Evaluate the fitness of the target and the trial vector and check the following condition to find the solution for next generation (i.e., I t = I t + 1)

$$ S_{j,It+ 1}=\left\{\begin{array}{ll} U_{j,It} & \text{if} \ f(U_{j,It})<=f(S_{j,It}) \\ S_{j,It} & \text{if} \ f(U_{j,It}) > f(S_{j,It}) \end{array}\right. $$
(7)

Here, f(.) is the objective function which is to be minimized. Repeat the above procedure until a termination criterion gets satisfied.

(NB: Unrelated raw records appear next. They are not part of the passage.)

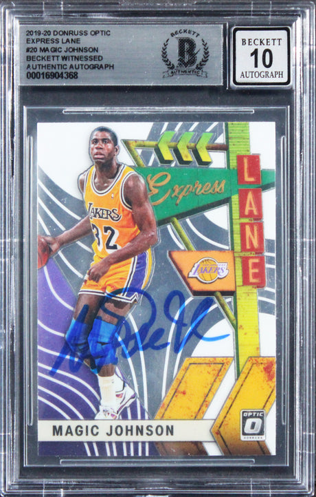 Magic Johnson Signed 2019 Donruss Optic #20 Card Auto Grade Gem 10! BAS Slabbed
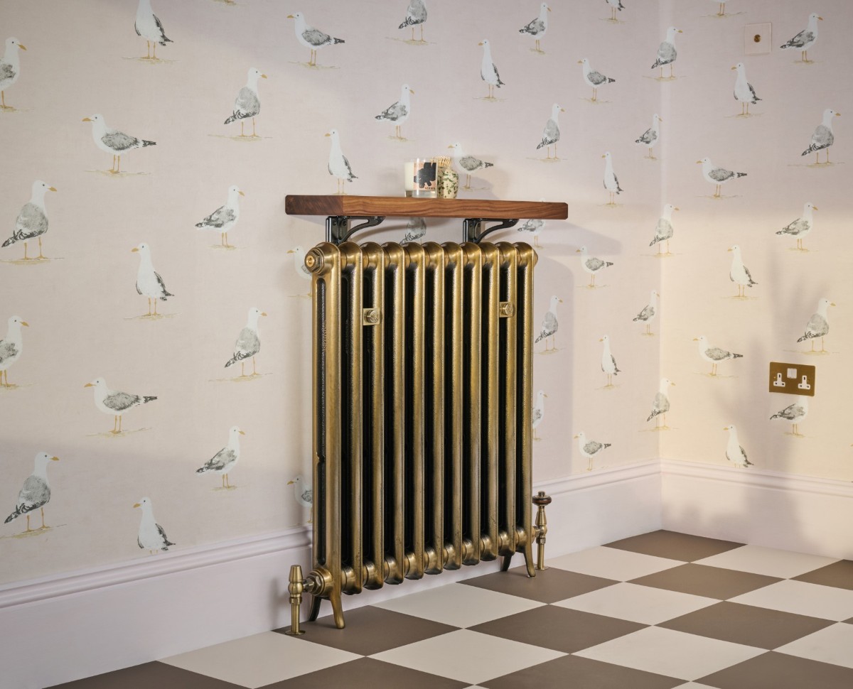 The radiator is hand polished to a high sheen, revealing the cast iron’s naturally pitted surface.
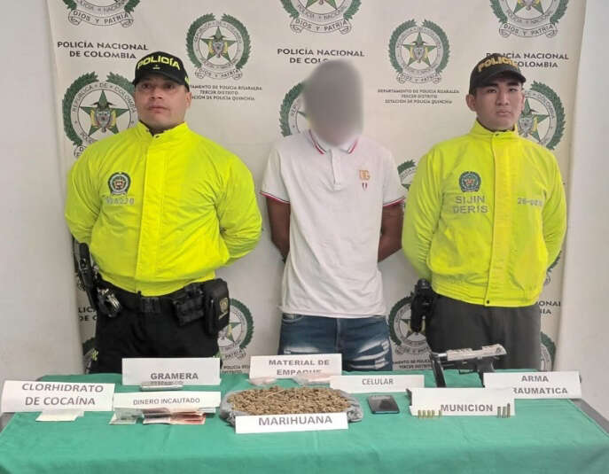La Policía de Risaralda desarticuló un punto de venta de estupefacientes en el municipio de Quinchía. El operativo se llevó a cabo en el sector “La Cancha”, donde se logró la captura de alias “El Chamo”, de 22 años, quien presuntamente lideraba la venta de estupefacientes en la zona.
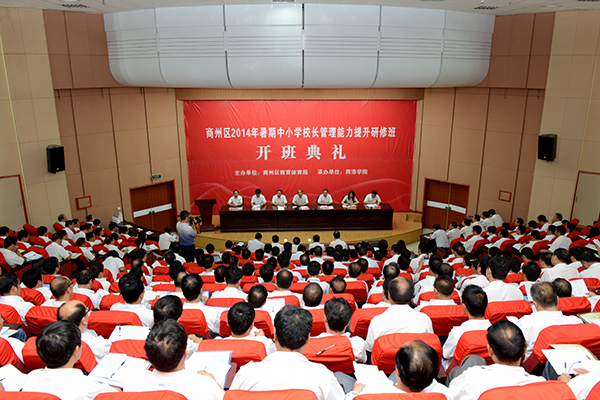 8月18日上午,由我校繼續(xù)教育學(xué)院承擔(dān)的商州區(qū)2014年暑期中小學(xué)校長管理能力提升研修班正式開班。校長劉建林、校紀(jì)委書記王思懷、繼續(xù)教育學(xué)院院長任少儉,商州區(qū)委副書記、區(qū)長張國瑜,副區(qū)長王昕,商州區(qū)教育體育局局長張余良、黨委書記王建軍出席了開班典禮。王思懷主持開班典禮儀式
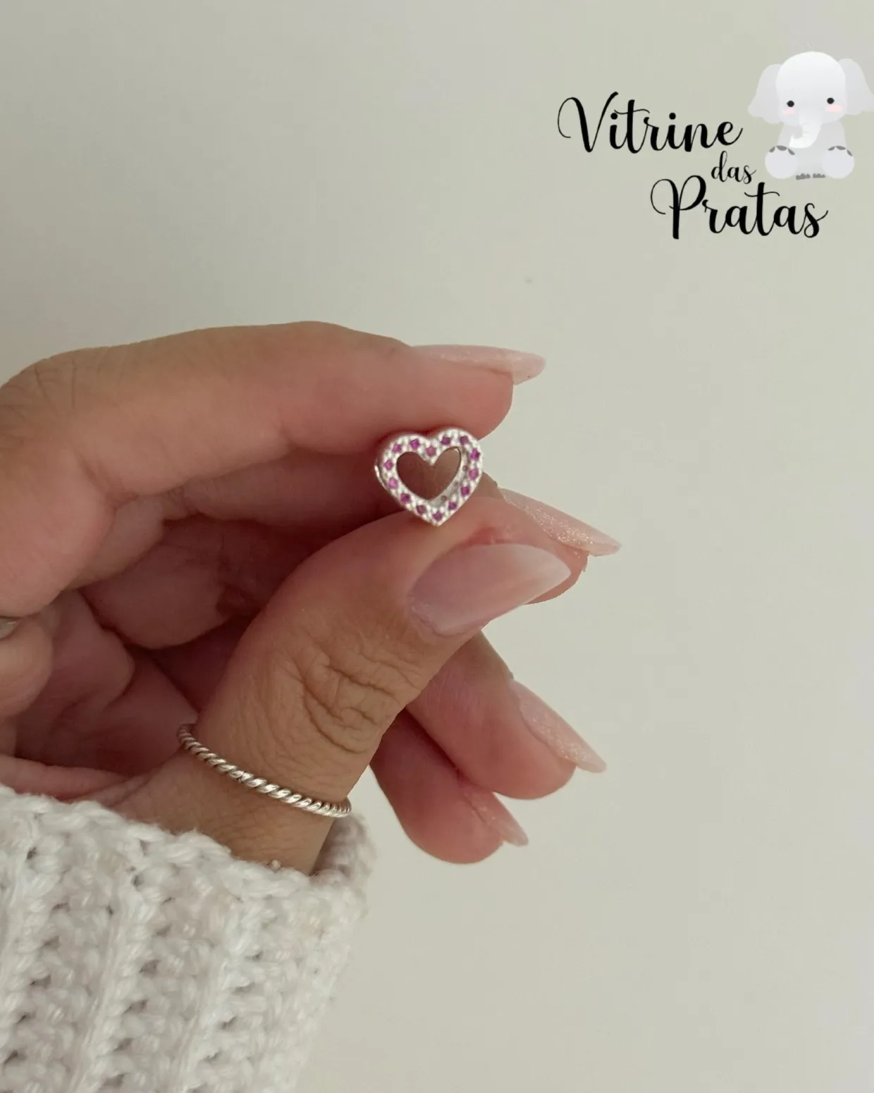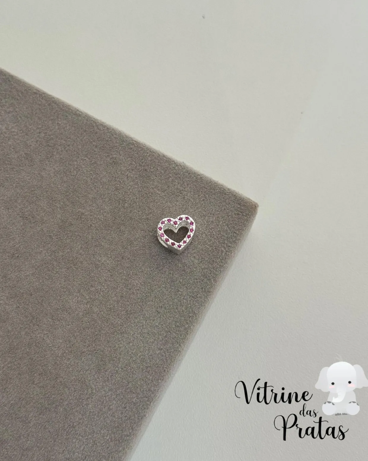 Berloque Separador Coração Cravejado Vazado Rubi
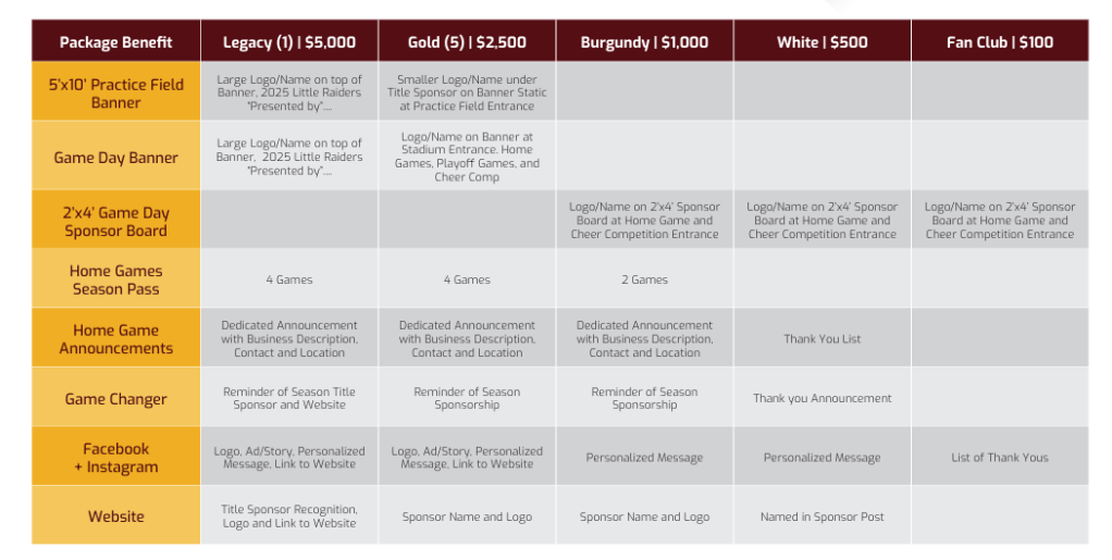 CHOOSE YOUR PARTNER PACKAGE AND CLICK THE LINK BELOW, TO MAKE A DIFFERENCE IN THE RAIDER COMMUNITY!
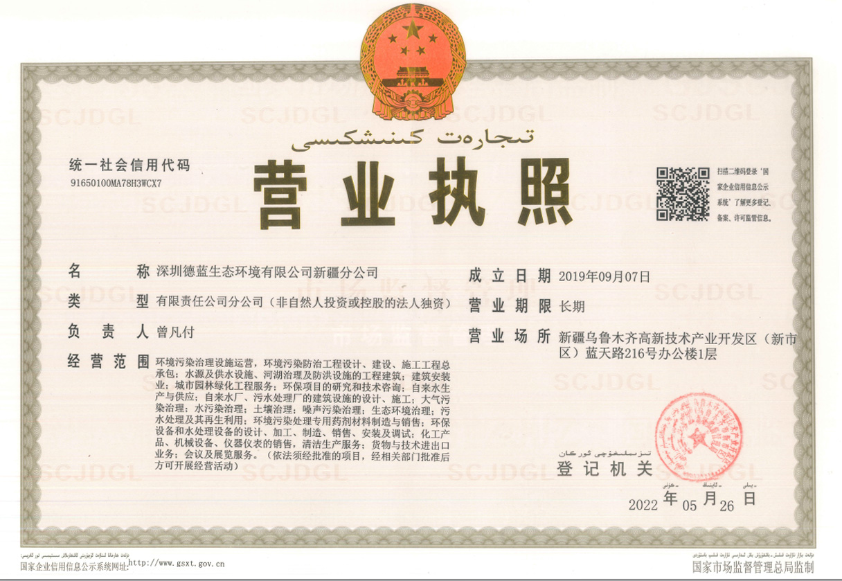 深圳德蓝生态环境有限公司新疆分公司营业执照
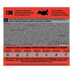 Гардекс еxtreme аэрозоль-репеллент от всех летающих кровососущих насекомых и клещей флакон 150мл

Proposed evolutionary extreme learning machine

Since ELM utilizes random input weights and hidden biases, it leads to two critical issues [24, 46]: (i) high requirement of hidden neurons for which ELM responds slowly to unknown testing data and (ii) causing an ill-conditioned hidden layer output matrix H in presence of large hidden neurons which induces poor generalization performance.Footnote 1

To overcome such issues, few research efforts have been reported in past years where population-based optimization schemes such as genetic algorithms (GA) [20], differential evolution (DE) [46] and PSO [24] are used to optimize the hidden node parameters of ELM. However, in this study, a new approach MDE-ELM by combining the modified DE (MDE) algorithm with ELM is proposed to enhance the performance of the proposed scheme compared to existing schemes. In this, MDE is used to optimize the hidden node parameters, whereas, MP generalized inverse is utilized to analytically find the solution. It is worth mentioning here that the MDE algorithm searches global optima by considering both root-mean squared error (RMSE) and norm of the output weights of SLFNs which ensures in improving the generalization performance and the conditioning of the SLFN. The proposed MDE-ELM is stepwise listed as follows.

  1. (a)

    Randomly initialize all the parameter vectors in the population between [-1,1] such that each vector comprises a set of input weights and hidden biases as

    $$\begin{array}{@{}rcl@{}} S_{j}\!&=&\!\left[ w^{h}_{11},w^{h}_{12},\ldots,w^{h}_{1L}, w^{h}_{21},w^{h}_{22},\ldots,w^{h}_{2L},w^{h}_{n_{h}1},\right.\\ &&~\left. w^{h}_{n_{h}2},\ldots,w^{h}_{n_{h}L},b_{1},b_{2},\ldots,b_{n_{h}}\right] \end{array} $$
    (9)
  2. (b)

    For each vector, evaluate the output weights and fitness. Here, for fitness evaluation, we compute the RMSE over the validation set rather than the whole training set to overcome the overfitting issue. Hence, we can define fitness as

    $$ f()=\sqrt{\frac{\sum\limits_{j = 1}^{N_{v}}||\sum\limits_{i = 1}^{n_{h}}{w^{o}_{i}} \phi({w^{h}_{i}} \cdot x_{j} + b_{i})-t_{j}||^{2}_{2}}{N_{v}}} $$
    (10)

    where, N v indicates the number of validation samples.

  3. (c)

    Find S b e s t of all the solutions in the population and generate the mutant vector V j and trial vector U j using Eqs. 4 and 6 respectively.

  4. (d)

    Update the vectors using the fitness value and the norm of the output weights and generate new population as follows:

    $$ S_{j,It+ 1}=\left\{\begin{array}{ll} U_{j,It} & \text{if} \ f(S_{j,It})-f(U_{j,It})> \epsilon f(S_{j,It})\\& \text{or} \ (|f(S_{j,It})-f(U_{j,It})| < \epsilon f(S_{j,It}) \ \text{and} \ ||w^{o}_{U_{j}}||< ||w^{o}_{S_{j}}||) \\ S_{j,It} & \text{otherwise} \end{array}\right. $$
    (11)

    where, f(S j,I t ) and f(U j,I t ) denotes the fitness value of the target vector j and its corresponding trial vector at iteration I t respectively. \(w^{o}_{S_{j}}\) and \(w^{o}_{U_{j}}\) represents the output weights of target vector j and its corresponding trial vector, respectively. 𝜖 > 0 is a user-defined tolerance rate.

  5. (e)

    To bound the input weights and biases in the range of [-1, 1], we use the following equation in the proposed MDE-ELM.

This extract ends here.